Interpretation of Results. Mono works well on models that fit into memory and exhibit little sharing of open MDPs. BU works well when the Pareto curves of the open MDPs can be accurately be approximated with few Pareto points, which, in practice, excludes open MDPs with more than 3 exits. CVI without caching and termination criteria resembles a basic kind of topological VIFootnote 6 on the monolithic MDP. CVI can thus improve upon topological VI either via the cache or via the alternative stopping criteria. Based on the experiments, we conjecture that

  • the cache is efficient when the cost of performing a single reachability query is expensive — such as in the Room10 model — while the cache hit rate is high.

  • the symbiotic termination criterion (Symb) works well when some exits are not relevant for the global target, such as the Chains3500 model, in which going backwards is not productive.

  • the compositional OVI stopping criterion ( / ) works well when the likelihood of reaching all individual open MDPs is high, such as can be seen in the ChainsLoop500-Dice4 model.

8 Related Work

We group our related work into variations of value iteration, compositional verification of MDPs, and multi-objective verification.

Value Iteration. Value iteration as standard analysis of MDPs [29] is widely studied. In the undiscounted, indefinite horizon case we study, value iteration requires an exponential number of iterations in theory, but in practice converges earlier. This motivates the search for sound termination criteria.
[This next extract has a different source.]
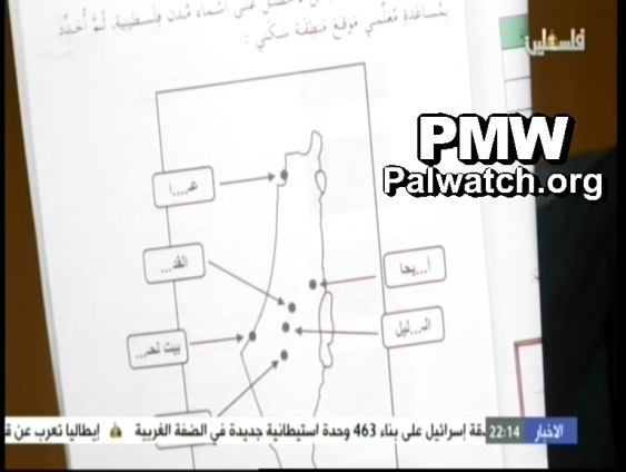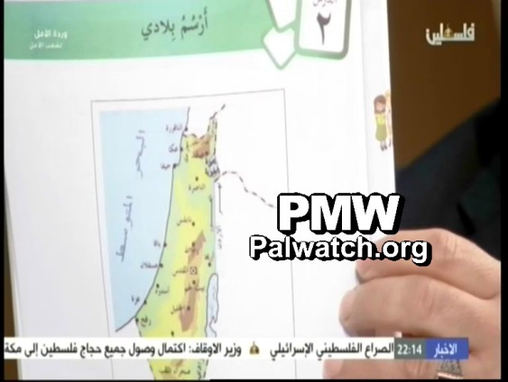 An outline of the PA map of “Palestine" that presents all of Israel as "Palestine" together with the PA areas from a Palestinian schoolbook is shown.

Optimistic value iteration [30] is now widely adopted as the default approach [11, 29]. To accelerate VI, various asynchronous variations have been suggested that prevent operating on the complete state space. In particular topological VI [2, 15] and (uni-directional) sequential VI [25, 28, 36] aim to exploit an acyclic structure similar to what exists in uni-directional MDPs.
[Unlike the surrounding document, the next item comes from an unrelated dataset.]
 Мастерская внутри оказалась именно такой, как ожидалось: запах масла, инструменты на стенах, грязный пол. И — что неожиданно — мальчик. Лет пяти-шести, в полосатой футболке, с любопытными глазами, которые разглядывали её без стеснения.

Sequentially Composed MDPs. The exploitation of a compositional structure in MDPs is widely studied. In particular, the sequential composition in our paper is closely related to hierarchical compositions that capture how tasks are often composed of repetitive subtasks [5, 6, 23, 31, 35, 48, 50, 51]. While we study a fully model-based approach, Jothimurugan et al. [33] provide a compositional reinforcement learning method whose sub-goals are induced by specifications. Neary et al. [40] update the learning goals based on the analysis of the component MDPs, but do not consider the possibility of reaching multiple exits. The widespread option-framework and variations such as abstract VI [34], aggregate policies [14, 49] into additional actions to speed up convergence of value iterations and is often applied in model-free approaches. In the context of OVI, we must converge everywhere and the bottom-up stopping criterion is not easily lifted to a model-free setting.

Further Related Work. As a different type of compositional reasoning, assume-guarantee reasoning [7, 12, 16, 18, 19, 38, 39] is a central topic, and a compositional probabilistic framework [38] with the parallel composition \(\parallel \) is also based on Pareto curves: extending string diagrams of MDPs for the parallel composition \(\parallel \) is challenging, but an interesting future work. We mention that there are VIs on Pareto curves solving multi-objective simple stochastic games [1, 13]. Due to the multi-objectivity, they maintain a set of points for each state during iterations; CVI solves single-objective oMDPs determined by weights, thus we maintain a single value for each state during iterations.

9 Conclusion

This paper investigates the verification of compositional MDPs, with a particular focus on approximating the behavior of the component MDPs via a Pareto cache and sound stopping criteria for value iteration. The empirical evaluation does not only demonstrate the efficacy of the novel algorithms, but also demonstrates the potential for further improvements, using asynchronous value iteration, efficient Pareto caches manipulations, and powerful compositional stopping criteria.